# [TASK]
When you reach the line that contains "オレゴン州ゴールドビーチのロ", set down that line and every one after it through the end of the records, exactly as written and with no pictures.

Data excerpts:

== == ==

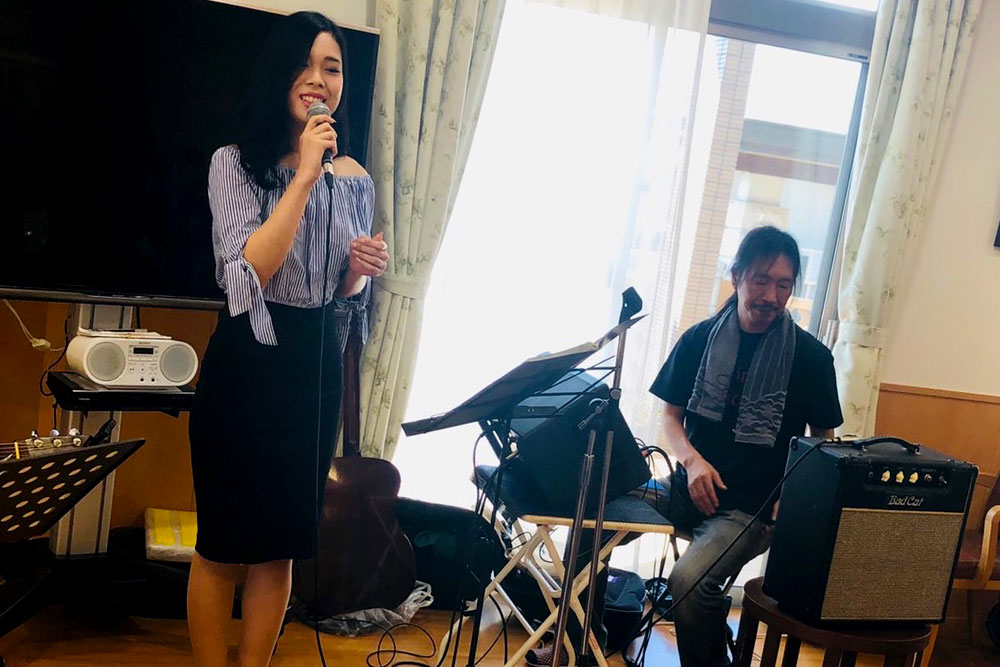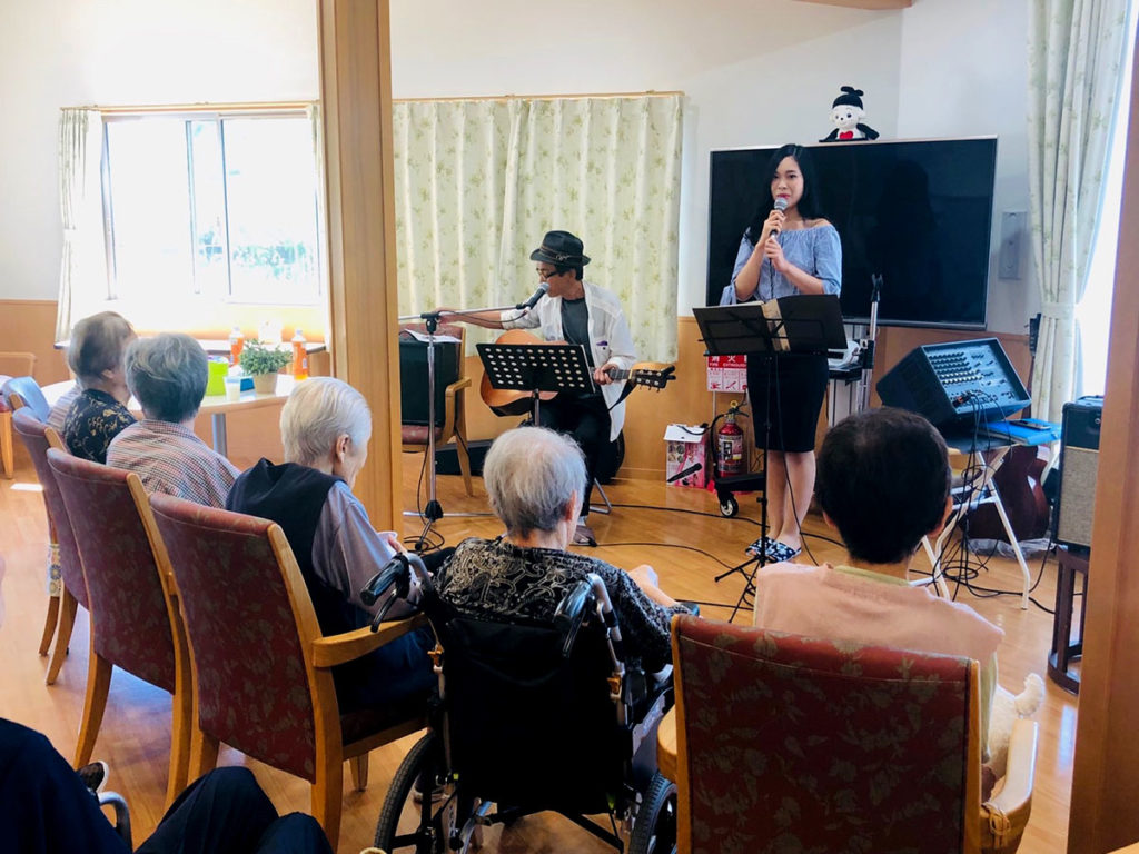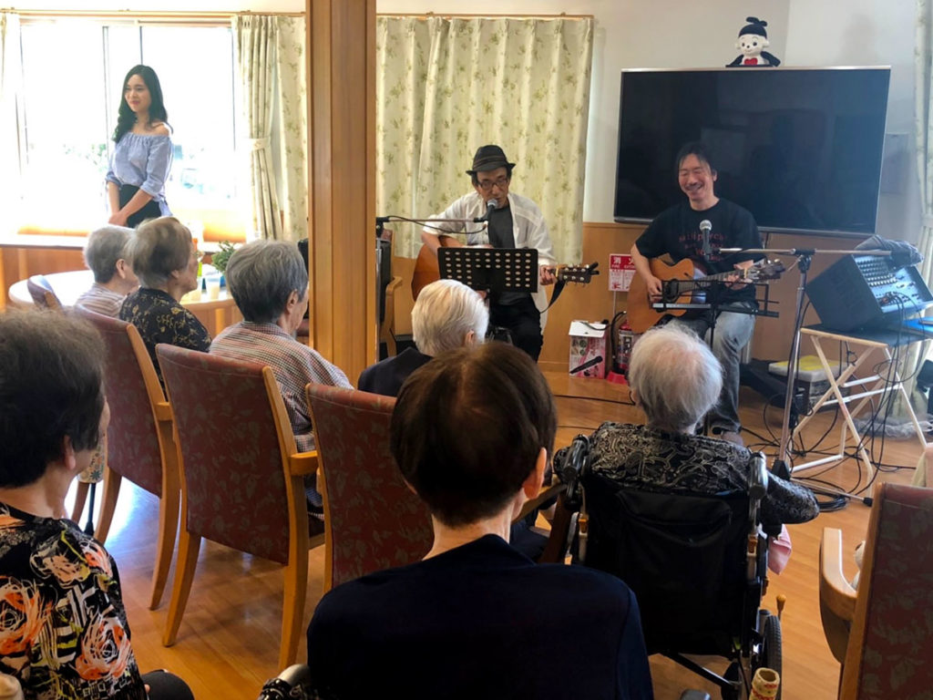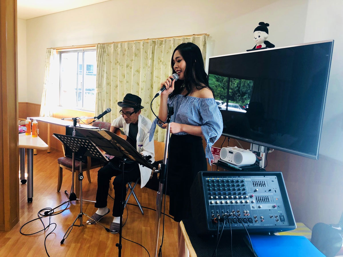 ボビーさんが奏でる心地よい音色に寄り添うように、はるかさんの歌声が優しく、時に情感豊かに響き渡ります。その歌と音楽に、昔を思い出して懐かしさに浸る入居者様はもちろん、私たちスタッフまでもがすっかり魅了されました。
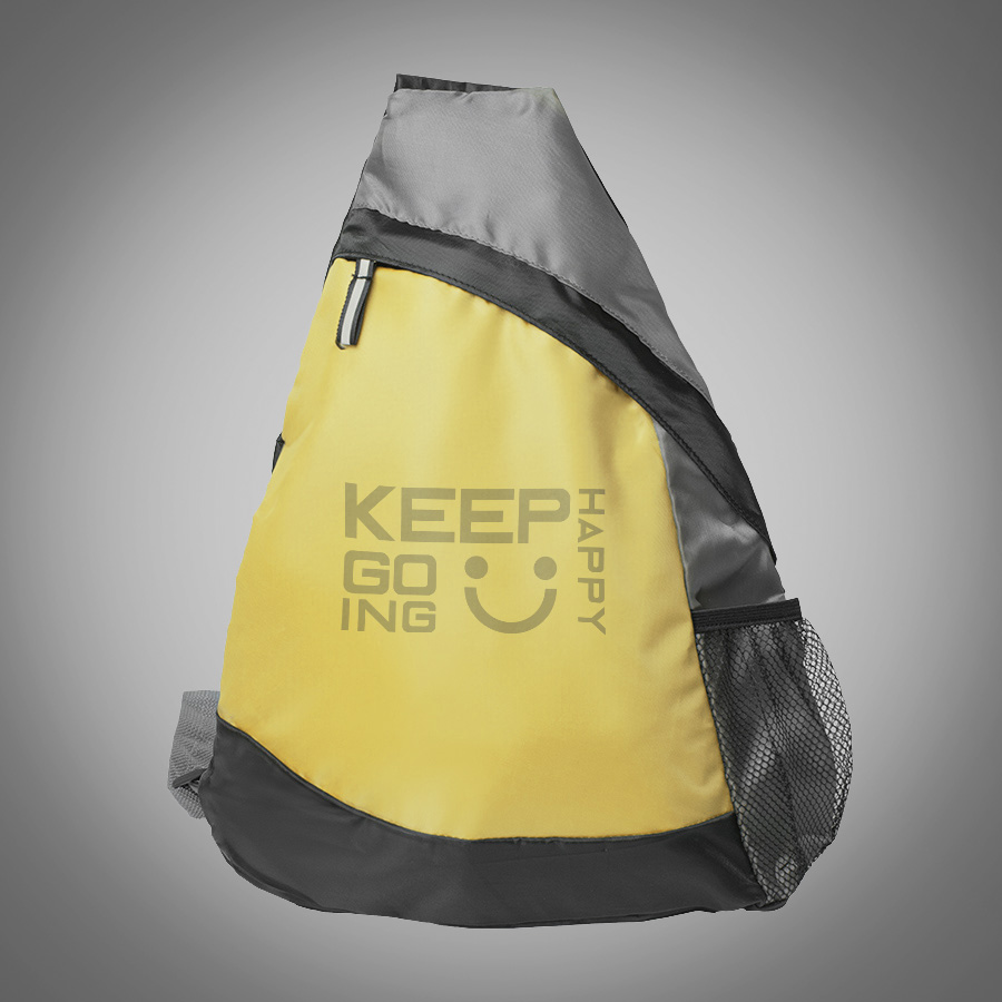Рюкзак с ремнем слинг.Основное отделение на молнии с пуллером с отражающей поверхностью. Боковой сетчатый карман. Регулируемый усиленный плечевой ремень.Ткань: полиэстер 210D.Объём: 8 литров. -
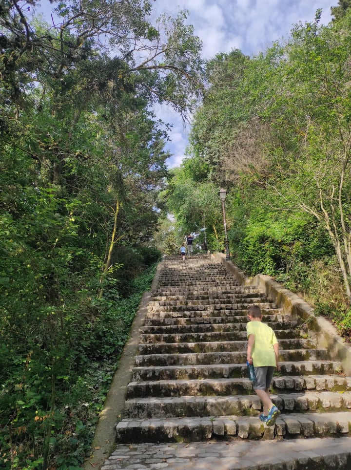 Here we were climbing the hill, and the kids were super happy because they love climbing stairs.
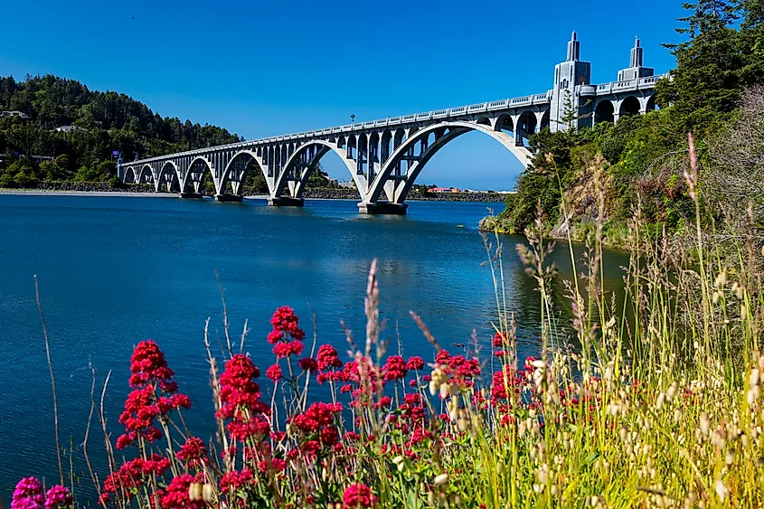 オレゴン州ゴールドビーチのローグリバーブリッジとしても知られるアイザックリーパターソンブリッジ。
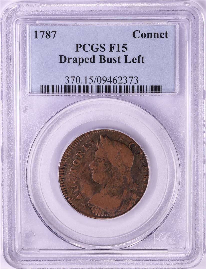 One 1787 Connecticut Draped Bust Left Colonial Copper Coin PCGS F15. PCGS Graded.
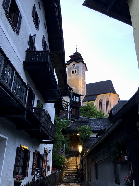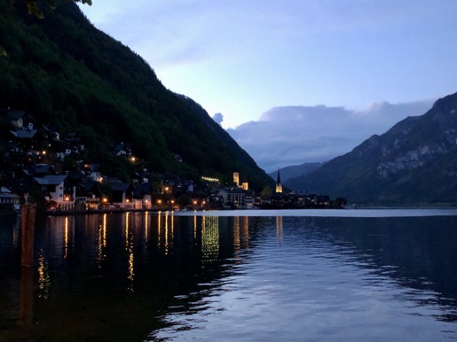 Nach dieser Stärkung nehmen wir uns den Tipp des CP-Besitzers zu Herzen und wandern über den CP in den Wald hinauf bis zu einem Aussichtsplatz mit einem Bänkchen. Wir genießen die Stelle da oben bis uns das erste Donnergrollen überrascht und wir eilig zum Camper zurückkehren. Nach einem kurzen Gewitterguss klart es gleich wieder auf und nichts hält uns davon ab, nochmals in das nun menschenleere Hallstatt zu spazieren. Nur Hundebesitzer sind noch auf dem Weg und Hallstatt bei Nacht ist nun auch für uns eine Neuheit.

== == ==

# [RESPONSE TO THIS EXERCISE]
 オレゴン州ゴールドビーチのローグリバーブリッジとしても知られるアイザックリーパターソンブリッジ。
 One 1787 Connecticut Draped Bust Left Colonial Copper Coin PCGS F15. PCGS Graded.
 Nach dieser Stärkung nehmen wir uns den Tipp des CP-Besitzers zu Herzen und wandern über den CP in den Wald hinauf bis zu einem Aussichtsplatz mit einem Bänkchen. Wir genießen die Stelle da oben bis uns das erste Donnergrollen überrascht und wir eilig zum Camper zurückkehren. Nach einem kurzen Gewitterguss klart es gleich wieder auf und nichts hält uns davon ab, nochmals in das nun menschenleere Hallstatt zu spazieren. Nur Hundebesitzer sind noch auf dem Weg und Hallstatt bei Nacht ist nun auch für uns eine Neuheit.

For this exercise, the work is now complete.